The M50-OS was simulated in one robustness scenario, 4 rigid impacts, and a frontal sled pulse. The robustness simulation was a knee bolster–type impact with a 4.9 m/s initial velocity prescribed to the human body model and designed to be compared only to the same output from the M50-O. Rigid impacts included a 23 kg hub impact to the chest with an initial velocity of 6.7 m/s (Kroell et al. Citation1974; Lebarbé and Petit Citation2012) and a 48 kg bar impact to the abdomen with an initial velocity of 6 m/s (Hardy et al. Citation2001). The lateral impacts included a 23.4 kg plate impact at 12 m/s to the right arm (Kemper et al. Citation2008) and a lateral sled simulation with a model initial velocity of 6.7 m/s impacting a rigid wall (Cavanaugh et al. Citation1990). The M50-OS was repositioned so that the right humerus was parallel with the impactor in the 12 m/s impact to more closely match the posture defined in the experiment. In the 6.7 m/s lateral sled impact, the M50-OS was repositioned so that the left arm was placed over the left leg and gravity settled for 100 ms prior to initiation of the impact. The frontal sled simulation is based on work by Shaw et al. (Citation2009) utilizing an 11.1 m/s frontal pulse. The arms are positioned to be near the legs of the model, which is first belted and then allowed to gravity settle for 100 ms, followed by a 150 ms event. This is done to allow for the model to be in good contact with the seat and lower extremity restraints. The results from dynamic simulations were quantitatively evaluated for magnitude and phase agreement with the experimental data using an objective comparison software package, CORrelation and Analysis (CORA v. 3.5.1; Correlation and Analysis software; Gaimersheim, Germany). CORA was not run for the denuded rib test and or frontal thorax hub impact because time-valued data were not available (both are cross-plots of force vs. deflection).
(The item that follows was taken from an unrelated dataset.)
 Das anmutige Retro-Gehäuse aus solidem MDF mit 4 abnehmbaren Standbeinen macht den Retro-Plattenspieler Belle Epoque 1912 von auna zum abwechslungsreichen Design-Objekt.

To demonstrate the modular use of the M50-OS, all parenchymal structures, meninges, cerebrospinal fluid, ventricles, and sinuses of the M50-O brain (n = 27 parts) were imported. Deformable properties for the inner and outer tables of the skull and diploe layer were imported into the M50-OS to demonstrate its modular use with the M50-O (Mao et al. Citation2013). All modeling considerations were identical between the modified M50-OS (with brain) and M50-O in this region. The mass node that represented the brain was removed from the model. The model was simulated in the Shaw et al. (Citation2009) frontal sled test for 100 ms of settling and the first 100 ms of the event. Kinematics and deformation of the brain model were investigated.

Results

The M50-OS contains a total of 11 contacts: 4 automatic single surface, 5 automatic surface-to-surface contacts, a tied nodes to surface, and a contact interior. The M50-O, in contrast, utilizes a total of 447 contacts. The total number of elements was reduced to 354,000, including 205,000 rigid elements and 149,000 deformable elements, compared to the detailed M50-O, which has 2.2 million. The resulting components of the model are shown in Table A1 (see online supplement), organized by body structure, and the uniaxial compression tests performed to evaluate the soft tissue components are shown in . The smallest time step of the M50-OS was 2.8 μs, 28 times larger than the detailed M50-O, 0.1 μs. The measured section masses of the M50-OS were within one standard deviation of the reported masses in McConville et al. (Citation1980) for 8 of 10 given body regions. The upper arm and foot of the M50-OS are 1.05 and 1.17 standard deviations from the experimental mean masses. This discrepancy is due to the overlapping elements around moveable joints at the shoulder and ankle.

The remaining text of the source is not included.